(Work to be completed):
Restate word for word the lines below, from the one containing "Mit FlashBack 5" through the final line, with no pictures included.

╭─ Data shown

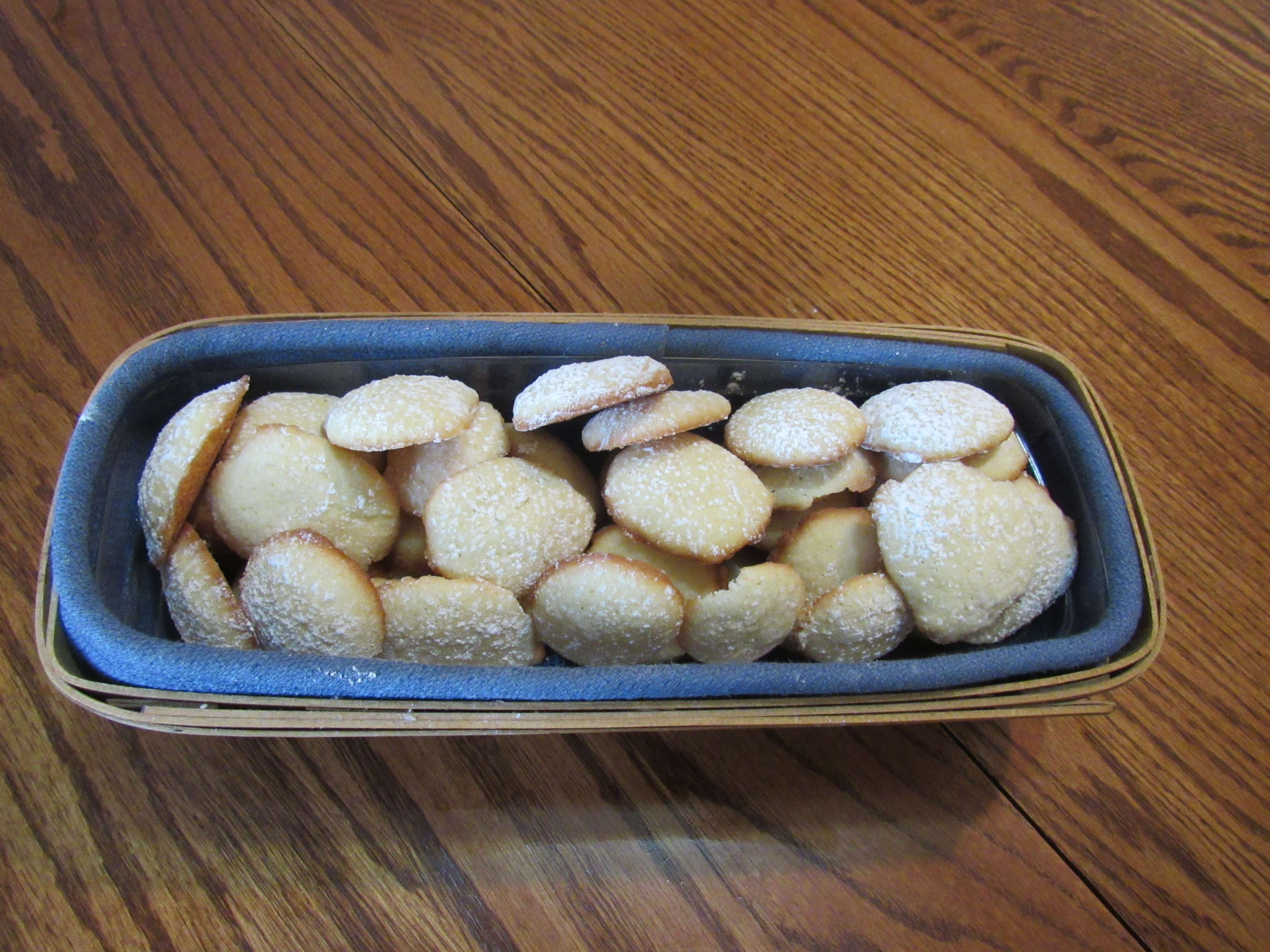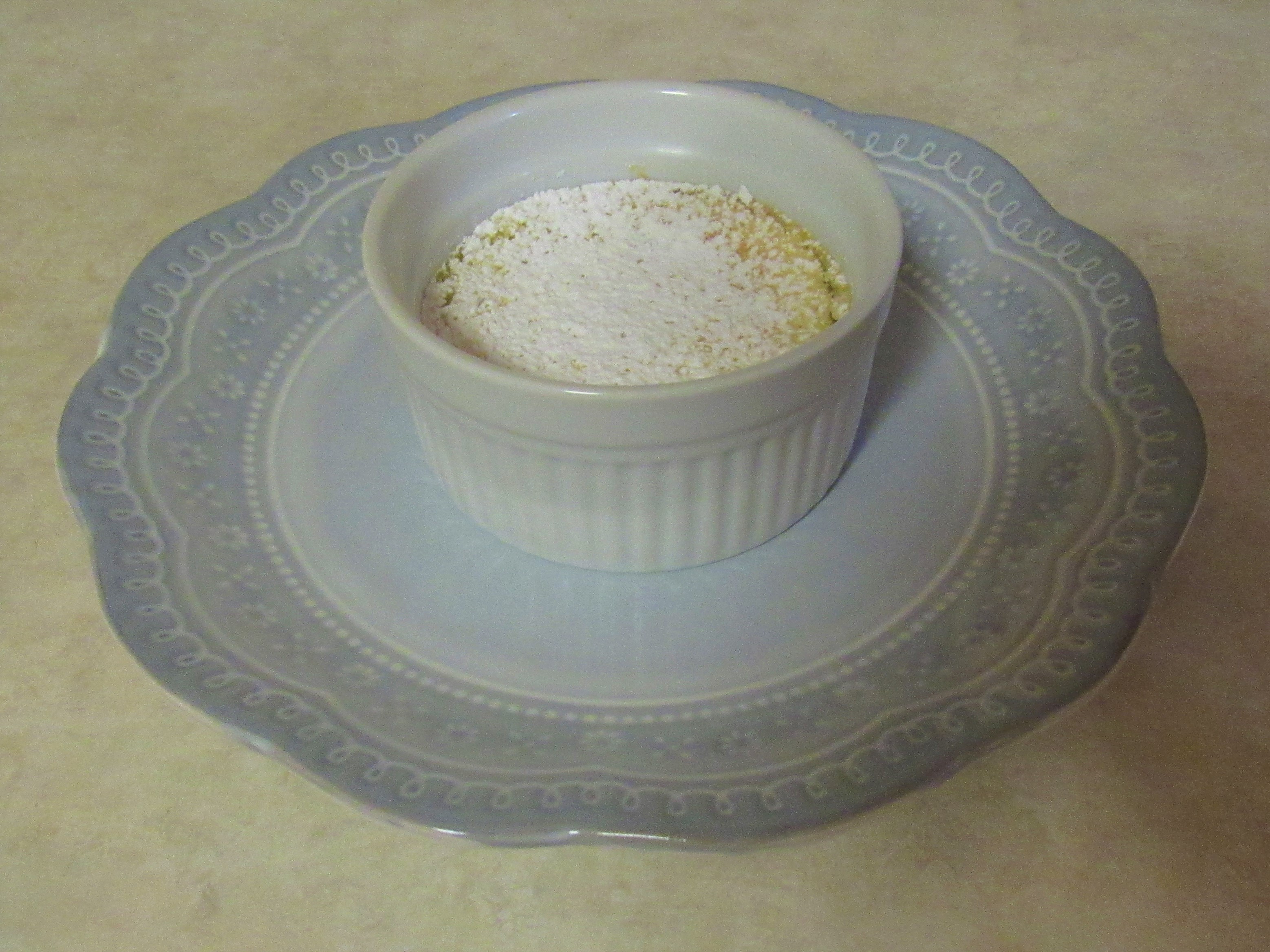 Bake in preheated oven at 350. If using 1 large dish, bake 50-60 minutes or until very lightly browned. Individual dishes take less time, about 30-35 minutes. When it was cool, I sprinkled powdered sugar over the top. Serve cool or cold.
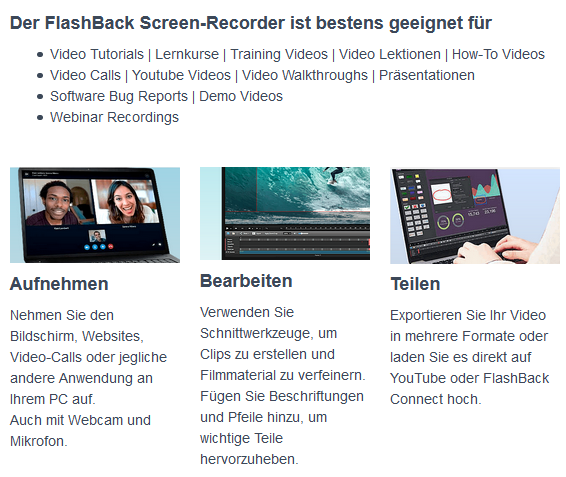 Mit FlashBack 5 Screenrecorder - www.bb-flashback.de - erstellen Sie Bildschirmaufzeichnungen am PC und bearbeiten diese einfach. Den Videos kann man Audio, Text hinzufügen und diese einfach teilen. Für Präsentationen, Demos, Tutorials, eLearning...
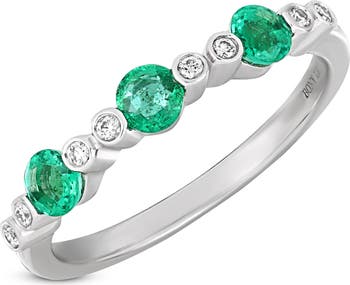 Bright-white diamonds are interspersed between emeralds atop a slim, stackable ring handcrafted from 18-karat gold.

╰─

(Solved exercise):
 Mit FlashBack 5 Screenrecorder - www.bb-flashback.de - erstellen Sie Bildschirmaufzeichnungen am PC und bearbeiten diese einfach. Den Videos kann man Audio, Text hinzufügen und diese einfach teilen. Für Präsentationen, Demos, Tutorials, eLearning...
 Bright-white diamonds are interspersed between emeralds atop a slim, stackable ring handcrafted from 18-karat gold.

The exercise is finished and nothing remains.